-- Work instructions --
Once the line holding "Meanwhile, former Liverpool" appears, repeat it and each line after it to the end of the data, exactly and with nothing else; pictures stay out.

-- Source data --
──────────────────────────────

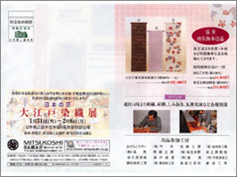 2006年1月10日 / 最終更新日時 : 2016年7月3日 新宿区染色協議会 大江戸染織展 日時:平成18年1月31日(火)~平成18年2月6日(月)(終了しました) 場所:日本橋・三越本店四階(入場無料) 午前10時~午後7時30分 主催:新宿区染色協議会 後援:新宿区 < お問い合わせ >:三越・日本橋本店 コメントを残す コメントをキャンセルメールアドレスが公開されることはありません。コメント 名前 メール サイト Δ
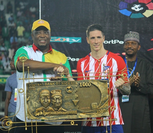 Meanwhile, former Liverpool star, Fernando Torres was later presented with a special gift - a Gold sculptured N1000 note - to celebrate his final game for Atletico after the match.
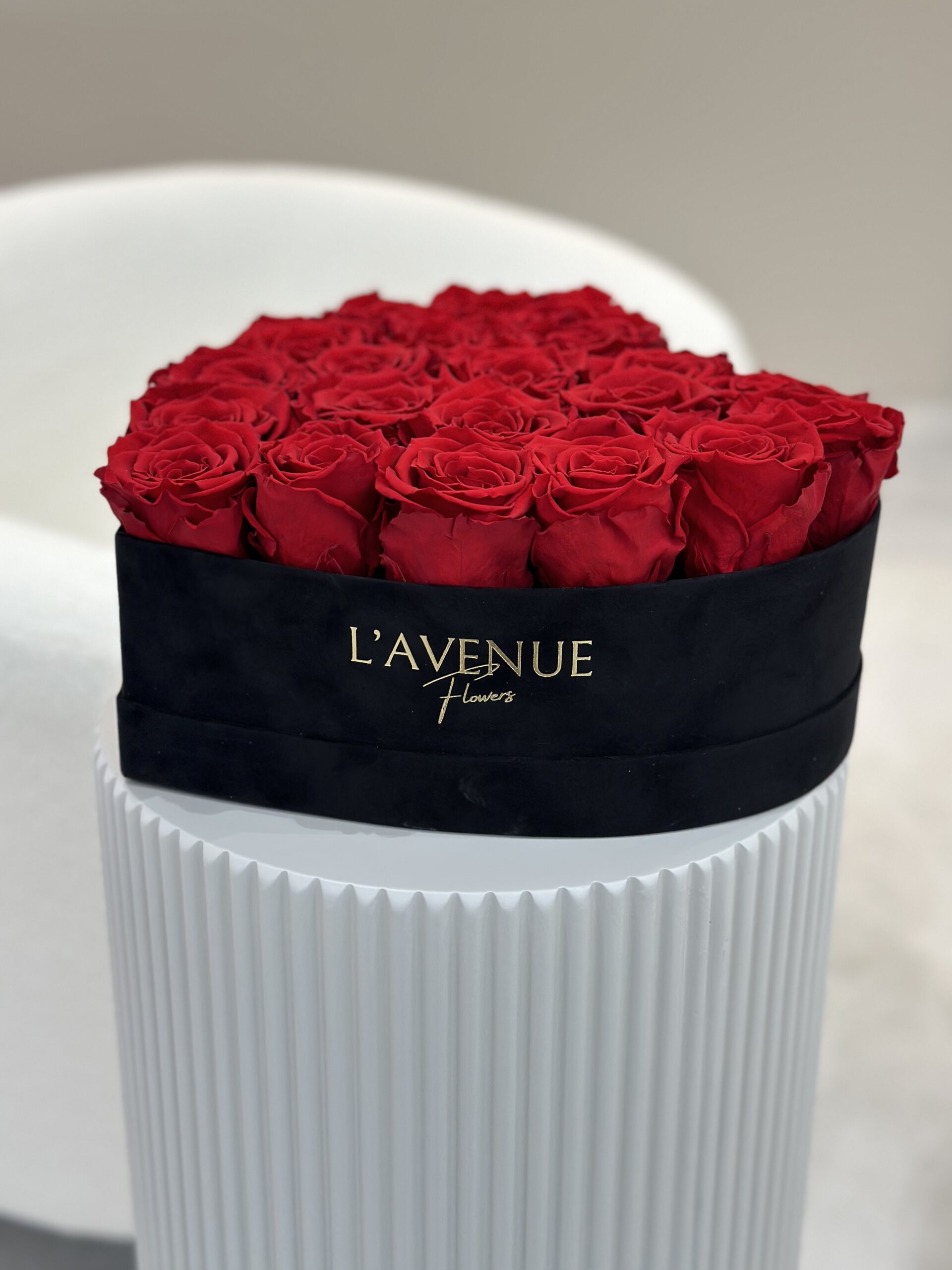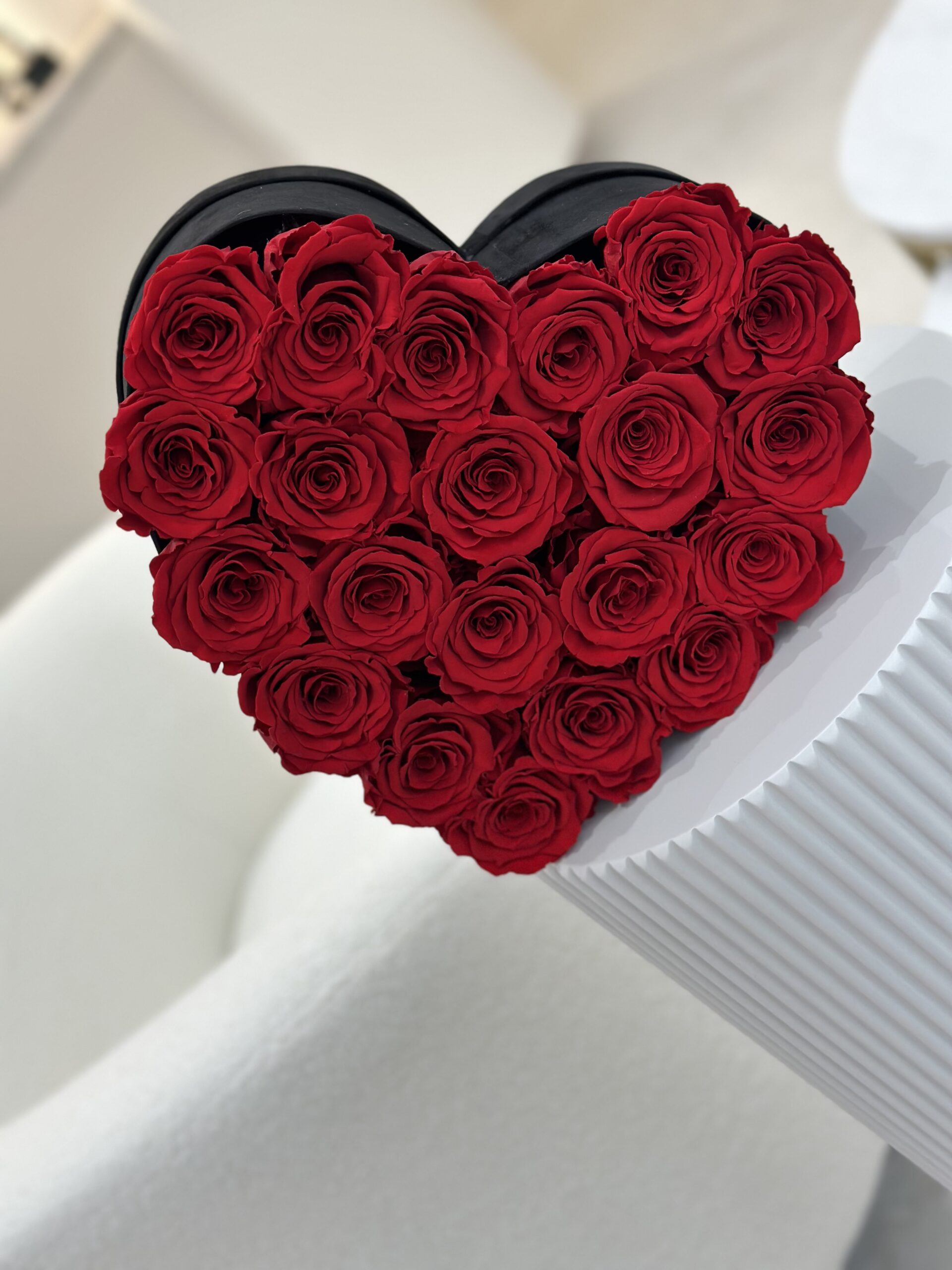 Strona główna Flower Box Czerwone wieczne róże | Czarny box Serce

──────────────────────────────

-- Solution --
 Meanwhile, former Liverpool star, Fernando Torres was later presented with a special gift - a Gold sculptured N1000 note - to celebrate his final game for Atletico after the match.
 Strona główna Flower Box Czerwone wieczne róże | Czarny box Serce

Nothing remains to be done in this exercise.